8,0,"You don't have to, you have a good build, buy ...",pcmasterrace,1,What to upgrade? I have $500 to spend (mainly ...
9,0,I would love to see him at lolla.,Lollapalooza,2,Probably count Kanye out Since the rest of his...


In [5]:
data.isna().sum()

label              0
comment           53
subreddit          0
score              0
parent_comment     0
dtype: int64

In [6]:
data = data.dropna(axis=0)

In [7]:
data.isna().sum()

label             0
comment           0
subreddit         0
score             0
parent_comment    0
dtype: int64

In [9]:
data['comment_tokens'] = data['comment']
data['comment_tokens'] = data['comment_tokens'].str.lower()
data['comment_tokens'] = data['comment_tokens'].str.replace('[^\w\s]','', regex = True)
data['comment_tokens'] = data['comment_tokens'].str.replace('can\'t','can not',regex = True)
data['comment_tokens'] = data['comment_tokens'].str.replace('\'d',' would',regex = True)
data['comment_tokens'] = data['comment_tokens'].str.replace('wouldn\'t','would not',regex = True)
data['comment_tokens'] = data['comment_tokens'].str.replace('couldn\'t','could not',regex = True)

In [10]:
data['parent_comment_tokens'] = data['parent_comment']
data['parent_comment_tokens'] = data['parent_comment_tokens'].str.lower()
data['parent_comment_tokens'] = data['parent_comment_tokens'].str.replace('[^\w\s]','', regex = True)
data['parent_comment_tokens'] = data['parent_comment_tokens'].str.replace('can\'t','can not',regex = True)
data['parent_comment_tokens'] = data['parent_comment_tokens'].str.replace('\'d',' would',regex = True)
data['parent_comment_tokens'] = data['parent_comment_tokens'].str.replace('wouldn\'t','would not',regex = True)
data['parent_comment_tokens'] = data['parent_comment_tokens'].str.replace('couldn\'t','could not',regex = True)

In [12]:
lemma = WordNetLemmatizer()
def apply_lemmatizer(sentence):
    return [lemma.lemmatize(token) for token in wordpunct_tokenize(sentence)]

In [17]:
data["comment_tokens"] = data.comment_tokens.apply(apply_lemmatizer)
data["parent_comment_tokens"] = data.parent_comment_tokens.apply(apply_lemmatizer)

In [22]:
data[["comment", "comment_tokens"]].head(10)

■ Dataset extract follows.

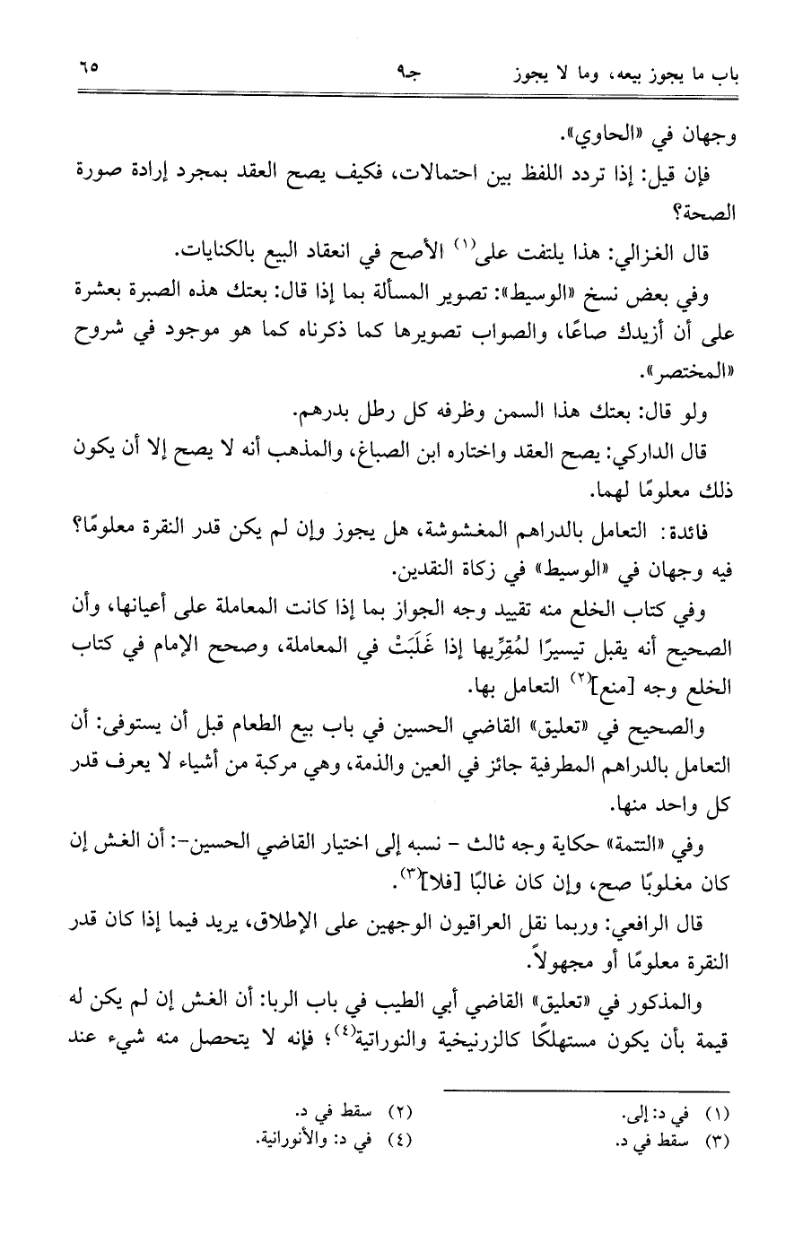 وفي بعض نسخ "الوسيط":تصوير المسألة بما إذا قال: بعتك هذه الصبرة بعشرة على ان أزيدك صاعاً، والصواب تصويرها كما ذكرناه كما هو موجود في شروح "المختصر".

Unnamed: 0,comment,comment_tokens
0,NC and NH.,"[nc, and, nh]"
1,You do know west teams play against west teams...,"[you, do, know, west, team, play, against, wes..."
2,"They were underdogs earlier today, but since G...","[they, were, underdog, earlier, today, but, si..."
3,"This meme isn't funny none of the ""new york ni...","[this, meme, isnt, funny, none, of, the, new, ..."
4,I could use one of those tools.,"[i, could, use, one, of, those, tool]"
5,"I don't pay attention to her, but as long as s...","[i, dont, pay, attention, to, her, but, a, lon..."
6,Trick or treating in general is just weird...,"[trick, or, treating, in, general, is, just, w..."
7,Blade Mastery+Masamune or GTFO!,"[blade, masterymasamune, or, gtfo]"
8,"You don't have to, you have a good build, buy ...","[you, dont, have, to, you, have, a, good, buil..."
9,I would love to see him at lolla.,"[i, would, love, to, see, him, at, lolla]"


In [47]:
data['comment_tokens'].shape

(1010773,)

In [24]:
data[["parent_comment", "parent_comment_tokens"]].head(10)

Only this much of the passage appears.